Innovation of scale (Episode 23)

Interview with Saira Khan, Innovation & Partnerships Leader at HSBC UK.

One of the biggest advantages of working for a large organization is that it is big.

That might sound like an obvious statement, but for too many people in too many organizations, that’s an insight that they are not harnessing.

But they should.

And imagine if they did.

The ability to acquire a “mindset of scale” is something I recently discussed with Saira Khan, Innovation & Partnerships Leader at HSBC UK.

And let’s be clear: HSBC is big. With 40 million (!) customers across more than 60 countries and territories, it is one of the largest banking and financial services organizations in the world. With around 200,000 employees across the world, a person working within HSBC has access to one amazingly large network of information, insights, markets and competences.

“There is magic in scale”, those were the words that Saira Khan used to describe the possibilities that come from working in an organization like HSBC, and then she added: “It allows you to think big.”

The word “scale” originally comes from the Latin “scala” meaning “ladder”, and when you think about what scale actually means you realize that it is something that makes it possible for you to step up (just like on a ladder) and see further. To make it possible to get a better overview of the world.
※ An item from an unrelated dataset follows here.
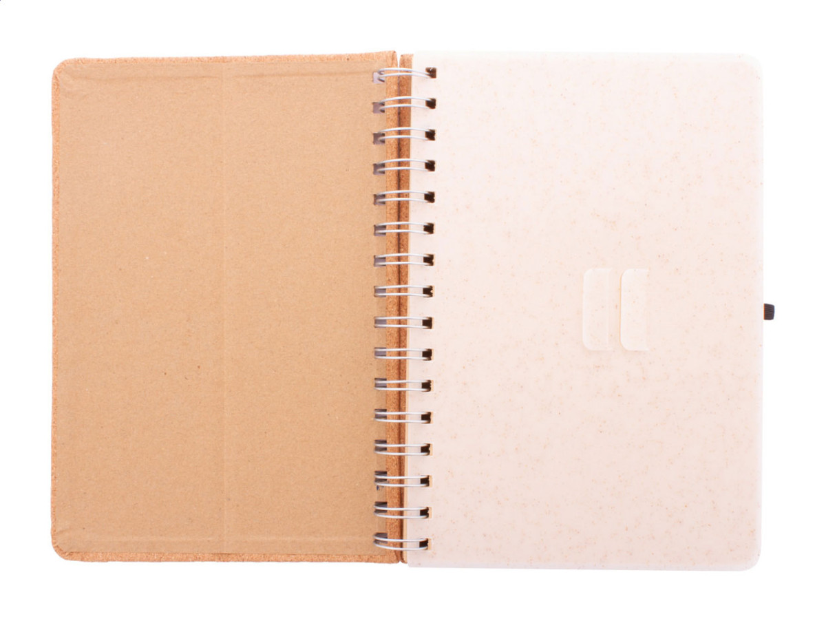 Természetes parafa borítású spirál jegyzetfüzet, búzaszalma műanyag telefon- és tablettartó betéttel. 70 újrahasznosított kraft papírból készült vonalas lappal, gumis pánttal és tolltartóval. A5 méretű. Hátulja

But, as Saira Khan pointed out during our conversation, as an employee of a large organization you need to understand the opportunity.

She told me: “I don’t think most people (in large organizations) understand that they have this opportunity.”

And it is true. If you have a ladder, but you do not climb up on it, the ladder is useless. But if you do use it you can see so much more.

What Saira Khan is advocating is, what I decided to call, “a mindset of scale”.

A mindset of scale is the ability to fully understand what is possible to do due to the size of your specific organization. It consists of both the understanding of the possibilities that are available to you due to the size of the company, as well as having the imagination to think from a larger perspective. 

I asked Saira Khan how a person with a mindset of scale might think, and she replied: “It’s about asking yourself how to get access to the right resources. Do you know who to speak with to get the right information? Do you know what resources are available around the organization? Do you understand what potential results those resources can bring you if used to their full potential?”

I guess we can call it: “being internally curious”.

She told me about how she had identified and contacted different departments around the organization working on A.I., consumer insights and data analytics to better understand how she could harness the power of the billions of data points on consumer insights that are stored in their servers.

To have a mindset of scale you need to know both how to take advantage of the potential of scale, but also be able to see how your size makes it possible to do things in a different way.

The problem is that many people in larger organizations just do not have the ability to think in scale, but Saira Khan insists that this is a skill that can be taught. “If we can teach (people) leadership, confidence, management, and presentation skills, then we can teach them to think in scale as well”, she said to me.

And I agree.

For example, a person without a mindset of scale will think “How can I improve my job/position?”, but a person with a mindset of scale will instead think “How can the job/position that I have to be improved for everyone who has this job/position around the organization?”

Innovation of Scale is not just about “thinking big”, but also about “thinking that we are big” – to take advantage of your size.

Saira told me about how she used a mindset of scale when an idea of doing a hackathon in the UK and Malaysia was presented. She instead turned the success of the local hackathon into a global hackathon with participants from all over the world resulting in many more ideas and innovation than had the hackathon just been done in the UK alone. Nothing wrong with doing a hackathon in one jurisdiction such as UK/Malaysia, of course, but by thinking in scale they realized that it was not much more work to make it a global event.

Let’s use an analogy. If you are a farmer with one small plot of land you will farm in one way, but if you are a big landowner with huge areas of land you do not farm in the same way. The tiny farmer will walk around his land and inspect his crops, the big landowner might invest in drones that can inspect the crops much faster (saving time and money, even if they are more expensive initially)

A farmer with a small farmer mindset that uses the same mindset on a big farm will not take advantage of the potential of the larger farm.

And that is true for almost every time we scale something up. If you move from a shovel to a digger you can dig in a different way. If we move from a pick-up to a big truck we can transport in a new way. When we moved from Internet on modem to broadband Internet we changed what the Internet was and how it could be used. If we gave an army of 100,000 soldiers we can fight a war in a different way than if we have an army of 100 soldiers. Scale changes things. And that is why it so important to make sure that the people who work in large organizations fully understand the size, power and potential of the organization they are in.

A small, local, accounting firm might not be able to build A.I. powered audit solution, but a global, accounting network could decide to invest in building that – but it will only do that if the person in charge of the large accounting network has the mindset of scale and realizes the potential that lies in developing that A.I. solution and implementing it across the firm’s global offices.

Saira Khan reminded me of the importance of large organizations to develop their employees’ ability to not only “think big” in order to innovate – but to also “think that they are big”.

In your team, how many people fully understand the potential of the size of your own organization, its resources and its networks?

What could you do to improve a mindset of scale into the organization?